Many of the leading approaches in language modeling introduce novel, complex and specialized architectures. We take existing state-of-the-art word level language models based on LSTMs and QRNNs and extend them to both larger vocabularies as well as character-level granularity. When properly tuned, LSTMs and QRNNs achieve state-of-the-art results on character-level (Penn Treebank, enwik8) and word-level (WikiText-103) datasets, respectively.
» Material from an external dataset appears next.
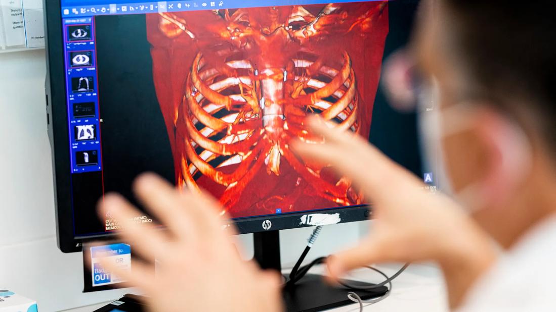 This was true recently when Dr. Mesko partnered with thoracic surgeon Daniel Raymond, MD, of Cleveland Clinic’s Department of Thoracic and Cardiovascular Surgery, on two separate chondrosarcoma cases. Chondrosarcoma, a rare and malignant primary bone sarcoma that develops in cartilage cells, can be difficult to diagnose and treat. Tumor resection is the preferred management of the disease.

Results are obtained in only 12 hours (WikiText-103) to 2 days (enwik8) using a single modern GPU.
| Task | Dataset | Metric | Value | Model |
|---|---|---|---|---|
| Language Modelling | Penn Treebank (Character Level) | Bit per Character (BPC) | 1.175 | 3-layer AWD-LSTM |
| Language Modelling | Penn Treebank (Character Level) | Bit per Character (BPC) | 1.187 | 6-layer QRNN |
| Language Modelling | WikiText-103 | Test perplexity | 33 | 4 layer QRNN |
| Language Modelling | WikiText-103 | Validation perplexity | 32 | 4 layer QRNN |
| Language Modelling | Hutter Prize | Bit per Character (BPC) | 1.232 | 3-layer AWD-LSTM |
| Language Modelling | enwik8 | Bit per Character (BPC) | 1.232 | AWD-LSTM (3 layers) |